Distributed Applications Support Team

DAST library

NLANR applications support

Mark Gates
Alex Warshavsky
Ajay Tirumala
Jon Dugan
Kevin Gibbs


In developing Iperf and other network programs, a number of C++ classes, C utilities, and autoconf macros were developed that are generic. The C++ classes are intended to be similar in design to the corresponding Java classes. These are packaged in the lib directory, and may be included in other projects, subject to the UI license.

(This page is slightly out of date. Refer to the source files for some new functions.)

Socket class

The socket class represents a socket end point of a TCP or UDP connection. It has wrappers around the common socket functions to create a socket connection. Typically I have Server, Listener, and Client sub-classes of Socket.

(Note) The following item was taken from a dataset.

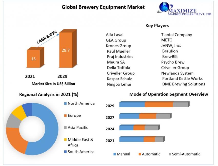 Brewery Equipment Market was valued at US$ 15 Billion in 2021 and is projected to reach US$ 29.7 Billion by 2029, growing at a CAGR of 8.89% during the forecast period. The strong expansion of...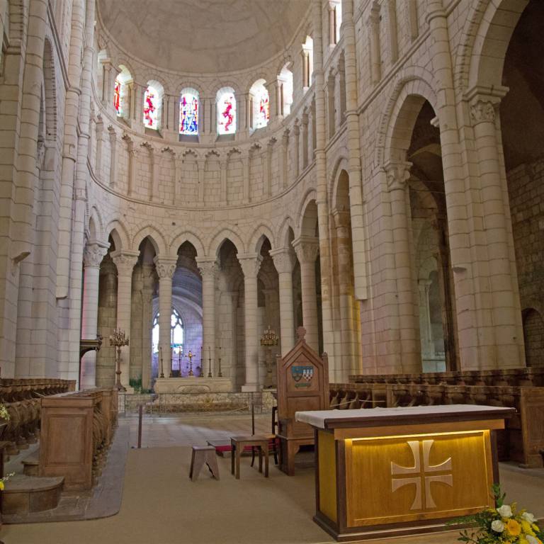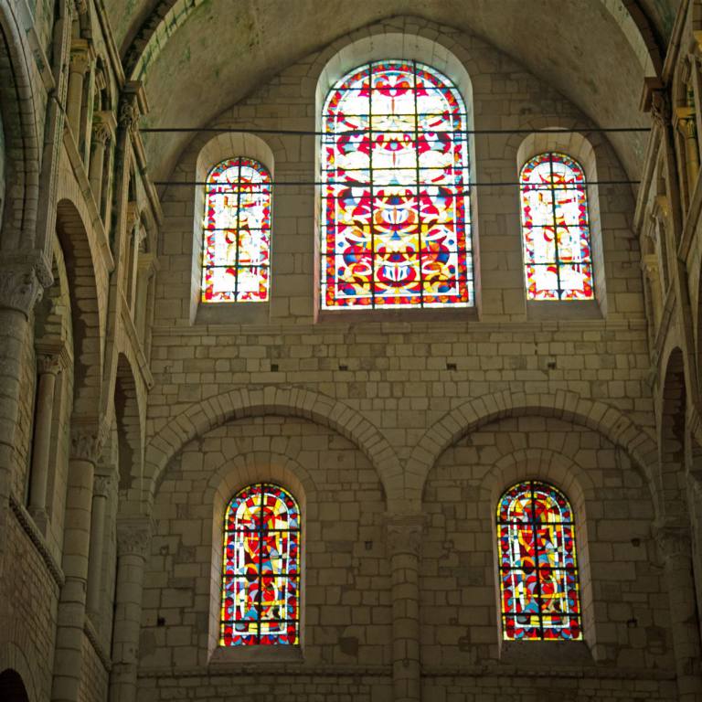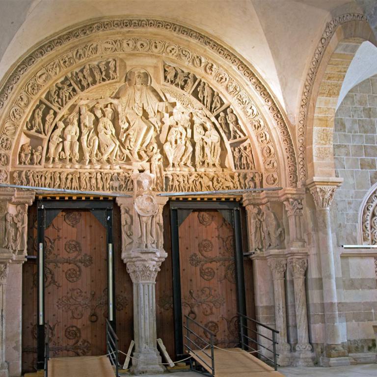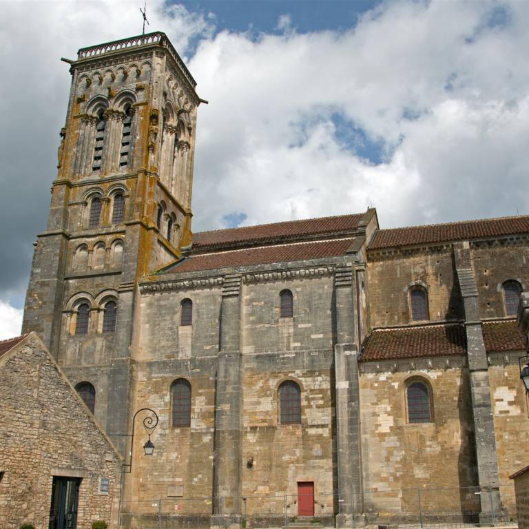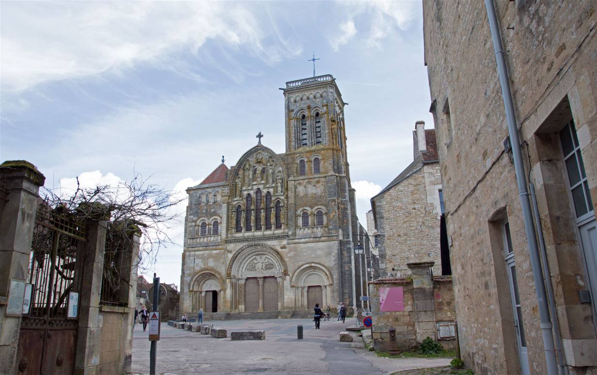1120 bis 1140 wurde das Hauptschiff im romanischen Stil errichtet. Erst danach entstand die große Vorhalle, deren mächtige Gewölbe auf ebenso beeindruckenden Säulen ruhen. Von hier aus betritt man das Hauptschiff durch ein großes Portal. Über dem Portal heißt eine beeindruckende Christusfigur mit weit ausgebreiteten Armen die Gläubigen willkommen. Im Inneren der Kirche angelangt, wird man sofort von der einzigartigen Atmosphäre ergriffen, die durch den Gegensatz zwischen dem dunklen, trutzigen Langschiff und dem jüngeren, hellen Chor entsteht. Denn letzterer wurde zusammen mit dem Querschiff erst von 1185 bis 1215 im lichteren Stil der Frühgotik erbaut. Wie bedeutend Vézelay einmal war, zeigt u. a. ein Blick in die Historie. Kaum war das Langhaus fertiggestellt, rief Bernard von Clairvaux im Auftrag des Papstes und in Anwesenheit von König Ludwig II, Königin Eleonore von Aquitanien und vieler Großen des Reiches von hier aus zum Zweiten Kreuzzug auf. Und das vor Tausenden von Gläubigen, die gar nicht alle in die Kirche passten und sich auf dem Hügel draußen drängten. Vézelay wurde Zentrum für Pilger und Ritter gleichermaßen. Ihren unermesslichen Ruhm verdankte die Basilika damals vor allem auch der Reliquienverehrung.

Socket( short inPort, bool inUDP = false )
Constructor. Stores the port number and whether this will be a UDP (true) or TCP (false) socket.

virtual ~Socket()
Destructor. Closes the socket if it has not been closed yet.

void Listen( const char *inLocalhost = NULL )
Creates a socket, binds it to a local address and port, and starts listening on it. If inLocalhost is null, the socket is bound to the wildcard address, so the socket will listen for connections on any interface. If inLocalhost is not null, that address is DNS resolved and used to bind the socket, to specify the local interface to listen on.

int Accept( void )
Accept is a wrapper around the socket accept call. It provides the additional facilty of restarting an accept call if it interupted. Assumes the socket is setup with Listen() first.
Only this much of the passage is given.